Checkpoints and test predictions for span-level hallucination detection in tool-augmented answers.

Contents

Path Description
deberta_contradiction_tuned/ Tool-aware DeBERTa fine-tuned on mixed train (contradiction oversample ×3) — best run
deberta_mixed/ Earlier/alternate DeBERTa mixed checkpoint (no contradiction oversampling)
predictions/ mixed_test span predictions (DeBERTa, LookBack, Lettuce)
lookback/lookback_mixed_classifier.joblib Sklearn head for LookBackLens (TinyLlama features)
lookback/lookback_mixed_train_features.npz Cached train attention features (~1.1 GB)
lookback/lookback_mixed_val_features.npz Cached validation attention features (~164 MB)

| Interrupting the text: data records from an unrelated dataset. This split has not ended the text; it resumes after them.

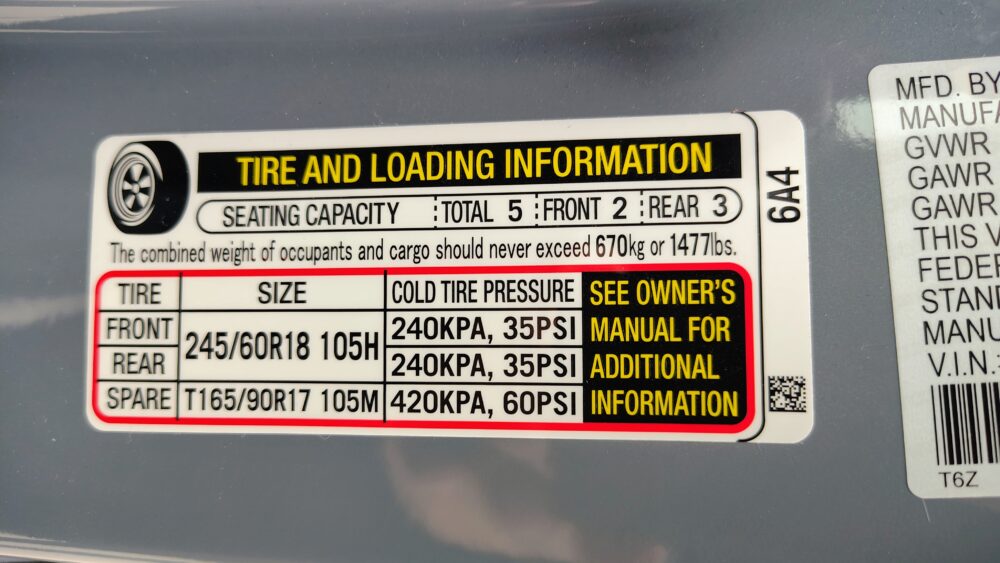空気圧の基準値は車とタイヤサイズなどにより異なるが、適正値を知るには運転席のドアを開けてBピラーをみるとステッカーが貼ってあるのが一般的。
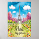 A watercolor painting depicting the Eiffel Tower in Paris, France. The iconic landmark is surrounded by a lush, blooming park with vibrant flowers. The sky is a clear blue with fluffy white clouds.
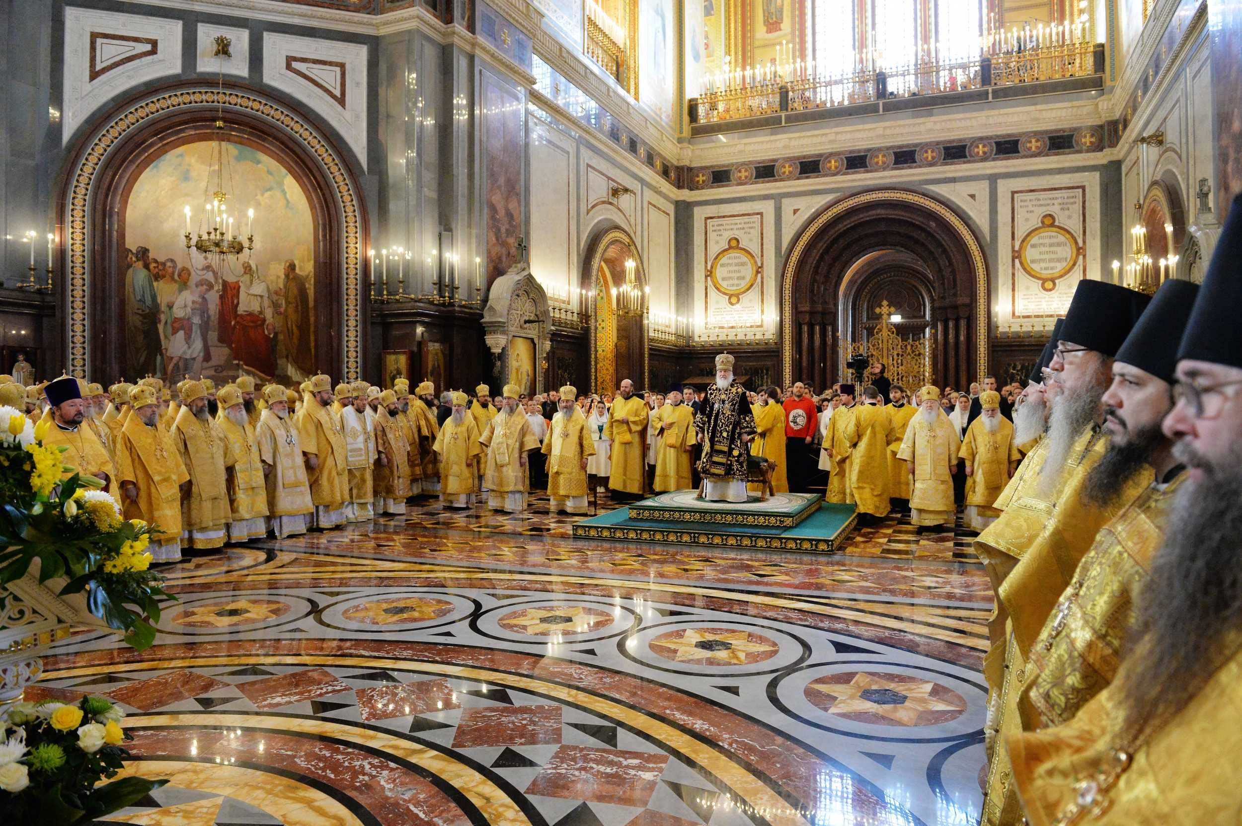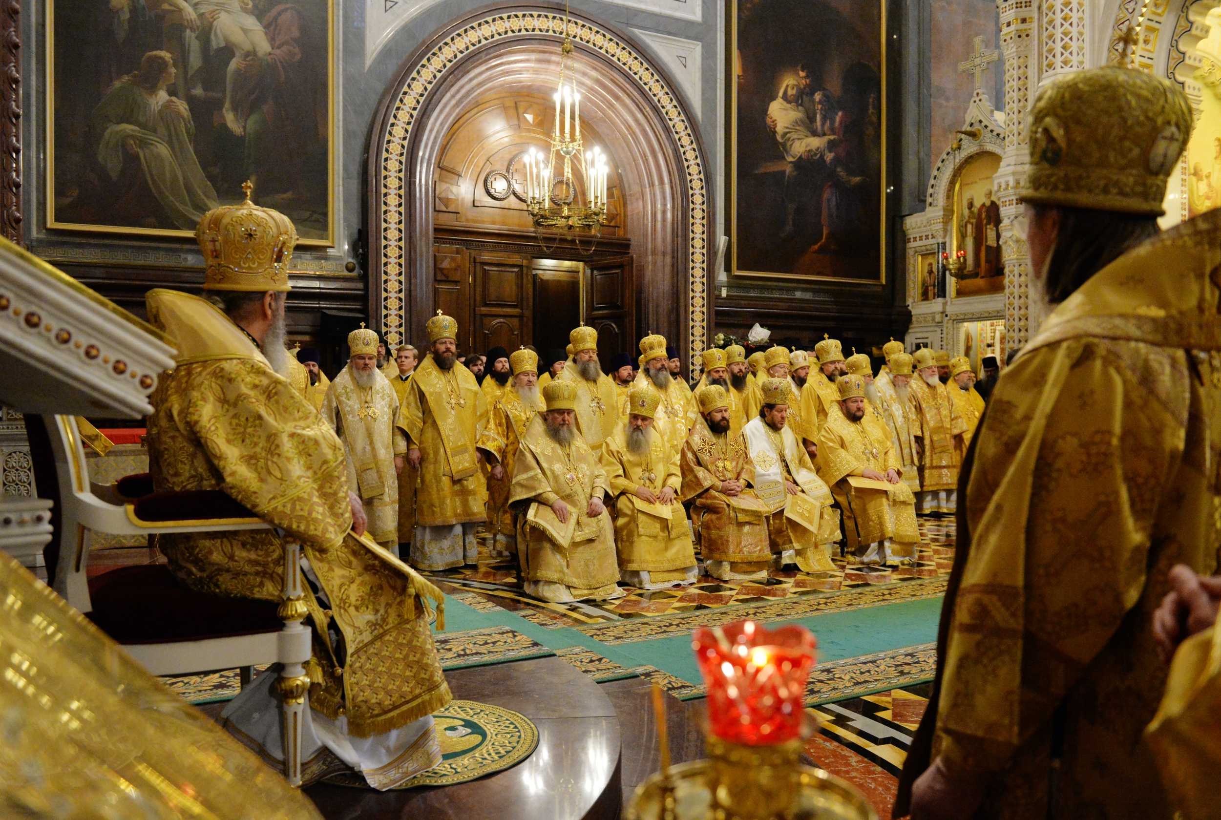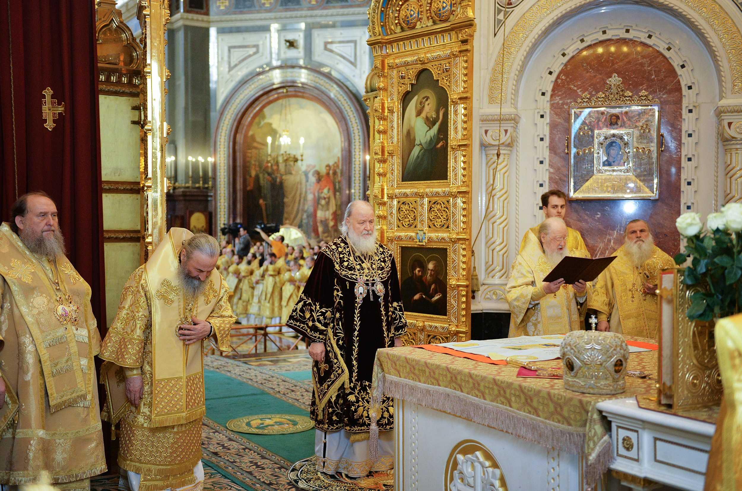 Предстоятелю Русской Православной Церкви сослужили: Блаженнейший митрополит Киевский и всея Украины Онуфрий; митрополит Крутицкий и Коломенский Ювеналий, Патриарший наместник Московской епархии; митрополит Астанайский и Казахстанский Александр, глава Митрополичьего округа в Республике Казахстан; митрополит Ташкентский и Узбекистанский Викентий, глава Среднеазиатского митрополичьего округа; митрополит Санкт-Петербургский и Ладожский Варсонофий, управляющий делами Московской Патриархии; митрополит Минский и Заславский Павел, Патриарший экзарх всея Беларуси; митрополит Волоколамский Иларион, председатель Отдела внешних церковных связей Московского Патриархата; митрополит Рижский и всея Латвии Александр; митрополит Чебоксарский и Чувашский Варнава; митрополит Пермский и Кунгурский Мефодий; митрополит Калужский и Боровский Климент, председатель Издательского Совета Русской Православной Церкви; митрополит Воронежский и Лискинский Сергий; митрополит Омский и Таврический Владимир; митрополит Ярославский и Ростовский Пантелеимон; митрополит Новгородский и Старорусский Лев; митрополит Тверской и Кашинский Виктор; митрополит Симбирский и Новоспасский Анастасий; митрополит Орловский и Болховский Антоний; митрополит Самарский и Тольяттинский Сергий; митрополит Истринский Арсений, первый викарий Патриарха Московского и всея Руси по г. Москве; митрополит Владимирский и Суздальский Евлогий; митрополит Тернопольский и Кременецкий Сергий; митрополит Петрозаводский и Карельский Константин; митрополит Виленский и Литовский Иннокентий; митрополит Курский и Рыльский Герман; митрополит Белгородский и Старооскольский Иоанн, председатель Синодального миссионерского отдела; митрополит Красноярский и Ачинский Пантелеимон; митрополит Йошкар-Олинский и Марийский Иоанн; митрополит Екатеринбургский и Верхотурский Кирилл; митрополит Аргентинский и Южноамериканский Игнатий; митрополит Иваново-Вознесенский и Вичугский Иосиф; митрополит Ростовский и Новочеркасский Меркурий, председатель Синодального отдела религиозного образования и катехизации; митрополит Казанский и Татарстанский Феофан; митрополит Брянский и Севский Александр; митрополит Архангельский и Холмогорский Даниил; митрополит Тамбовский и Рассказовский Феодосий; митрополит Нижегородский и Арзамасский Георгий; митрополит Саратовский и Вольский Лонгин; митрополит Рязанский и Михайловский Марк, председатель Финансово-хозяйственного управления Московского Патриархата; митрополит Улан-Удэнский и Бурятский Савватий; митрополит Кемеровский и Прокопьевский Аристарх; митрополит Кировоградский и Новомиргородский Иоасаф; митрополит Челябинский и Миасский Никодим; митрополит Ставропольский и Невинномысский Кирилл, председатель Синодального комитета по взаимодействию с казачеством; митрополит Саранский и Мордовский Зиновий; митрополит Ханты-Мансийский и Сургутский Павел; митрополит Вологодский и Кирилловский Игнатий; митрополит Барнаульский и Алтайский Сергий; митрополит Астраханский и Камызякский Никон; митрополит Пензенский и Нижнеломовский Серафим; митрополит Смоленский и Дорогобужский Исидор; митрополит Костромской и Нерехтский Ферапонт; митрополит Читинский и Петровск-Забайкальский Димитрий; иерархи Русской Православной Церкви.

Dataset: drond0174/RAGTruth-Hallucinations

Load DeBERTa

from transformers import AutoModelForTokenClassification, AutoTokenizer

model_dir = "drond0174/hallucination_detection"
tokenizer = AutoTokenizer.from_pretrained(f"{model_dir}/deberta_contradiction_tuned")
model = AutoModelForTokenClassification.from_pretrained(
    f"{model_dir}/deberta_contradiction_tuned"
)

See deberta_contradiction_tuned/run_meta.json for threshold, best epoch, and validation F1.

LookBack feature caches

Download lookback/*_features.npz to skip re-running TinyLlama feature extraction. Point train_cache_path / val_cache_path in lookback_baseline.py to the downloaded files.